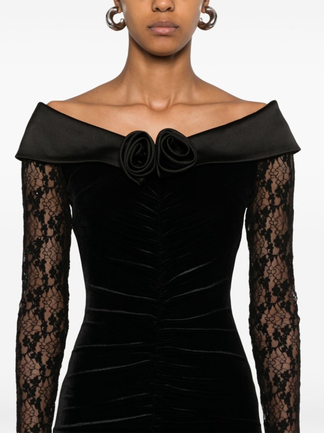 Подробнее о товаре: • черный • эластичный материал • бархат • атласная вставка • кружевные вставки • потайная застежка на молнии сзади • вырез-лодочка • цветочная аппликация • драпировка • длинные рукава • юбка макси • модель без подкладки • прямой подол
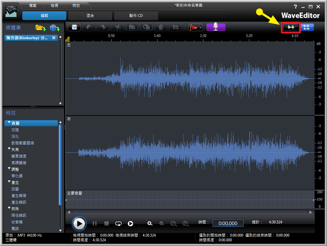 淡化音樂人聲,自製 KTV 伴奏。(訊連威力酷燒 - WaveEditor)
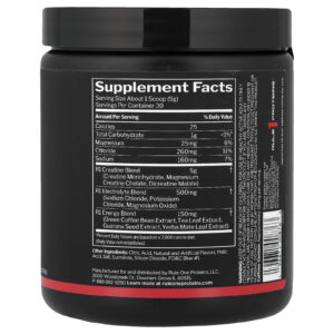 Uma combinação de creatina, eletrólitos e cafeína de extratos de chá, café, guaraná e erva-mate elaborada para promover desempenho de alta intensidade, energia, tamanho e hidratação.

____

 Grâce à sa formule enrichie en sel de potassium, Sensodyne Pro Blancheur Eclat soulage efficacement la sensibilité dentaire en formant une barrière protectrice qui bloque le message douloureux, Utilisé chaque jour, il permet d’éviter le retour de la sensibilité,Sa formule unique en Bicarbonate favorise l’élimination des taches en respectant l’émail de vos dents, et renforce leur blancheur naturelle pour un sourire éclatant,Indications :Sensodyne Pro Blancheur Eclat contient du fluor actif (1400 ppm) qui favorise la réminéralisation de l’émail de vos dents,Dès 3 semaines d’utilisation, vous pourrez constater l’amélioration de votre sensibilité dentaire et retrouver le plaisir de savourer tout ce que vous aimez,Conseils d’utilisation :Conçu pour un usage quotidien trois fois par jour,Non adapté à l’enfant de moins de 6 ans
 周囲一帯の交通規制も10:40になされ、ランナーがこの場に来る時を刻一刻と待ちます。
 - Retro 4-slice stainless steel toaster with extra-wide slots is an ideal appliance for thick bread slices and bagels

____

* [Aim of the exercise] Using the listing above, reproduce word for word every line from the one containing "淡化音樂人聲,自製 KTV 伴奏。(訊連威力酷燒 - WaveEditor)" through the one containing "Uma combinação de". Pictures must be left out.

* [Solution for this problem]
 淡化音樂人聲,自製 KTV 伴奏。(訊連威力酷燒 - WaveEditor)
 Uma combinação de creatina, eletrólitos e cafeína de extratos de chá, café, guaraná e erva-mate elaborada para promover desempenho de alta intensidade, energia, tamanho e hidratação.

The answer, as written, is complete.